英文:
Why can I create two live &mut to the same variable using &mut (**ref)?
问题
以下是您提供的代码片段的翻译:
考虑以下两个代码片段:
fn main() {
let mut foo = 1;
let mut borrower = &mut foo;
let mut borrower2 = &mut foo; // 错误:无法同时多次可变借用 `foo`
*borrower2 = 2;
*borrower = 3;
println!("{}",&foo);
}
这不会编译,如预期的那样,因为您不能对同一变量拥有两个可变引用。然而,如果我将有问题的行替换为以下内容,它可以工作:
fn main() {
let mut foo = 1;
let mut borrower = &mut foo;
let rr = &mut borrower;
let borrower2 = &mut (**rr);
*borrower2 = 2; // 我可以使用这两个来修改 foo
*borrower = 3; // 这些借用明显重叠了吗?
println!("{}",foo);
}
当颠倒两个赋值时,将会出现以下错误:
错误[E0506]: 无法对 `*borrower` 进行赋值,因为它已被借用
--> src/main.rs:48:5
|
45 | let rr = &mut borrower;
| ------------- 在此处借用了 `*borrower`
...
48 | *borrower = 3;
| ^^^^^^^^^^^^^ 在此处对 `*borrower` 赋值,但它已经被借用
49 | *borrower2 = 2;
| -------------- 此处后续使用了借用
希望这有帮助。如果您需要进一步的解释或翻译,请告诉我。
英文:
Consider the following two code snippet:
fn main() {
let mut foo = 1;
let mut borrower = &mut foo;
let mut borrower2 = &mut foo; // error: cannot borrow `foo` as mutable more than once at a time
*borrower2 = 2;
*borrower = 3;
println!("{}", foo);
}
This does not compile, as expected, because you can't have two mutable references to the same variable. However, if I replace the offending line as in the following, it works:
fn main() {
let mut foo = 1;
let mut borrower = &mut foo;
let rr = &mut borrower;
let borrower2 = &mut (**rr);
*borrower2 = 2; // I can use both of these to mutate foo
*borrower = 3; // Shouldn't these borrows clearly overlap?
println!("{}", foo);
}
When reversing the two assignments, the following error is given:
error[E0506]: cannot assign to `*borrower` because it is borrowed
--> src/main.rs:48:5
|
45 | let rr = &mut borrower;
| ------------- `*borrower` is borrowed here
...
48 | *borrower = 3;
| ^^^^^^^^^^^^^ `*borrower` is assigned to here but it was already borrowed
49 | *borrower2 = 2;
| -------------- borrow later used here
答案1
得分: 6
是的,确实,如果Rust没有任何其他机制,那你可能已经知道的那个机制就会导致错误。然而,你可能已经猜到,对于重新借用,还有一个额外的规则。实际上,要找到关于这个特性的适当文档确实很困难,一个快速而不太正式的谷歌搜索导致我找到的最佳文档是这个。我认为这是因为堆栈借用是一个年轻的概念,相关的工具仍然在进行中(例如,像miri这样的工具),因此文档也相对较新。

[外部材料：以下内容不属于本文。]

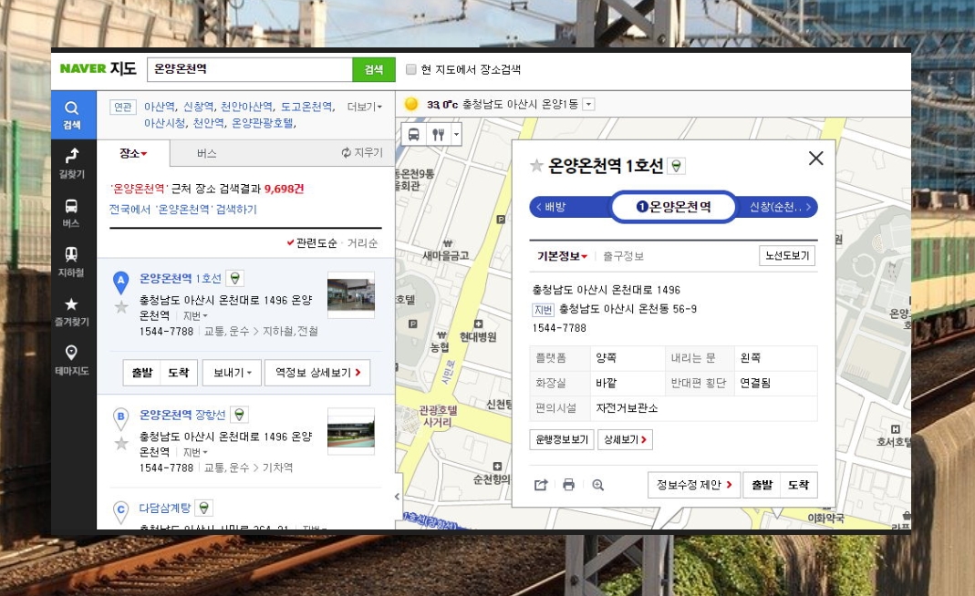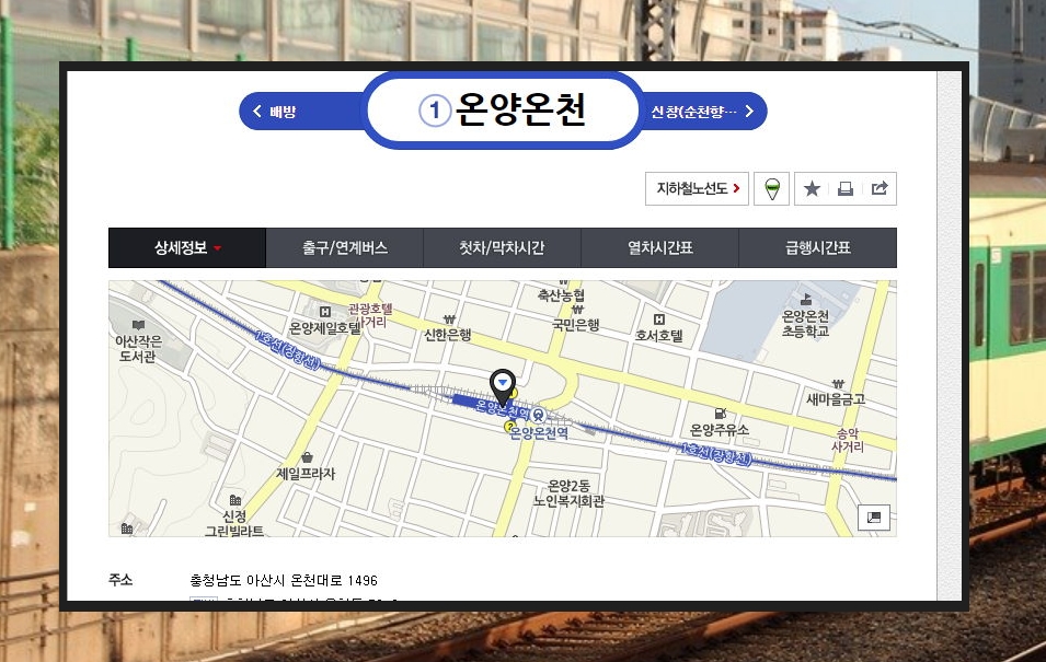 검색창에 온양온천역을 입력하고 엔터키를 누릅니다.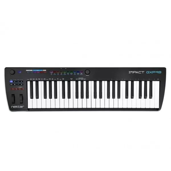 Alla base della GXP49 c'è un'action della tastiera di nuova concezione e attentamente bilanciata. I suoi 49 tasti full-size semi-pesati con velocità e aftertouch offrono un tocco piacevole, deciso e una suonabilità eccezionale. La GXP49 offre ai tastieristi tutte le giuste opzioni di espressività necessarie per il lavoro dal vivo e in studio, con pitch bend e ruote di modulazione, una presa per pedale di espressione e un jack TRS da 1/4" per il collegamento di 2 footswitch. Il pannello posteriore include anche un jack di uscita MIDI a 5 pin e una presa di alimentazione esterna per alimentare l'unità quando non è collegata tramite USB. Il pannello di controllo ottimizzato si basa sulla riuscita serie Nektar Impact GX, che consente l'integrazione DAW avanzata con controllo del trasporto esteso, selezione delle tracce e controllo del volume, nonché opzioni per aprire / chiudere finestre DAW e navigare tra le canzoni. Inoltre, l'interfaccia utente della GXP49 ha anche 14 pulsanti RGB illuminati assegnabili per programma MIDI diretto e selezione banco. Il nuovo motore Key Repeat aggiunge uno strumento intuitivo in tempo reale per la creazione di elementi ritmici stimolanti. La ripetizione è direttamente controllabile dai pulsanti RGB illuminati del GXP: una volta attivata la modalità Repet, i pulsanti consentono la selezione diretta di Repeat Rates, Accent, Interval, Swing e routing Aftertouch oppure Modulation to Velocity. Quando Repeat è attivo, il secondo encoder si trasforma in un controllo del tempo dedicato, a meno che la sincronizzazione non sia impostata su un clock MIDI esterno. In combinazione con Nektarine, Impact GXP49 offre potenti funzionalità di master-keyboard: fino a 16 plug-in VST o AU possono essere caricati nei 16 slot di Nektarine per un uso simultaneo. GXP49 offre il richiamo immediato delle patch alle configurazioni di tastiera ibrida o basata su software con il controllo diretto delle patch dai pulsanti patch RBG della GXP49 e la possibilità di definire zone, livelli e split della tastiera per tutti i plugin ospitati. Tutte le impostazioni e le combinazioni del plug-in possono essere salvate in una singola patch multipla per essere richiamate con il semplice tocco di un pulsante. Nektarine può essere eseguito come plug-in VST, AU o AAX in qualsiasi DAW compatibile o essere utilizzato come applicazione autonoma. La Impact GXP49 funziona con qualsiasi software MIDI su OSX, Windows e iOS e può anche essere utilizzata come controller MIDI standard per dispositivi MIDI esterni.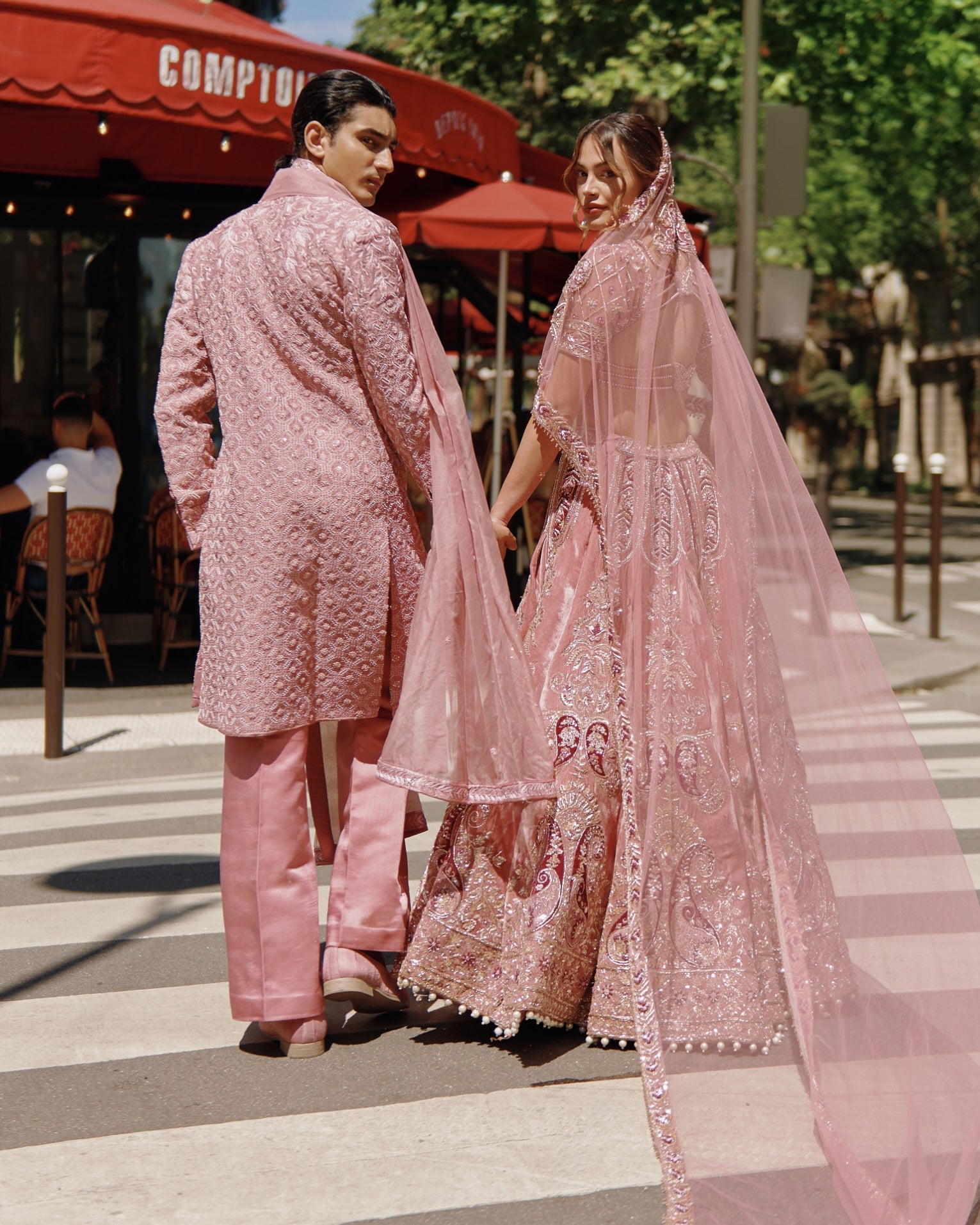 Embrace timeless elegance with our pink sherwani set, adorned with intricate hand crystal work embroidery. Crafted from luxurious raw silk, the sherwani exudes regal charm and sophistication. Complemented by a refined linen silk kurta and matching pants, this ensemble is finished with a delicate organza dupatta, adding a touch of ethereal grace. Perfect for weddings and formal occasions, this sherwani set combines opulence with exquisite craftsmanship.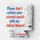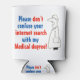 O médico diz: "Por favor, não confunda sua pesquisa na internet com o meu diploma de medicina". Cartoon de um médico no seu casaco de laboratório branco.

重新借用与堆栈借用密切相关。其思想是,在第二个示例中,&mut **r
不仅仅是对foo
的全新借用,它是通过r
创建的借用。因此,Rust将认为你在&mut **r
有效的期间使r
无效,一旦&mut **r
结束,r
就重新变为有效。
一个好的理解方式是将每个分配(为了简单起见)看作是一个堆栈。每次你对分配的数据进行可变借用时,你都会将该借用添加到堆栈中。当然,你不能同时进行两次可变借用,所以在创建一个新的可变借用时,堆栈必须为空。但是,如果你有一个活跃的可变借用,你可以通过将其推到堆栈顶部来从该独占借用中创建一个新的可变借用。请注意,你始终只能使用活跃的可变借用,即堆栈顶部的那个。当借用的生命周期结束时,它将从堆栈中弹出。重要的是你不能弹出不在堆栈顶部的东西,这就意味着:重新借用的生命周期最多不能超过其父借用的生命周期。违反此规则将导致UB,并且这是miri检查的事情之一。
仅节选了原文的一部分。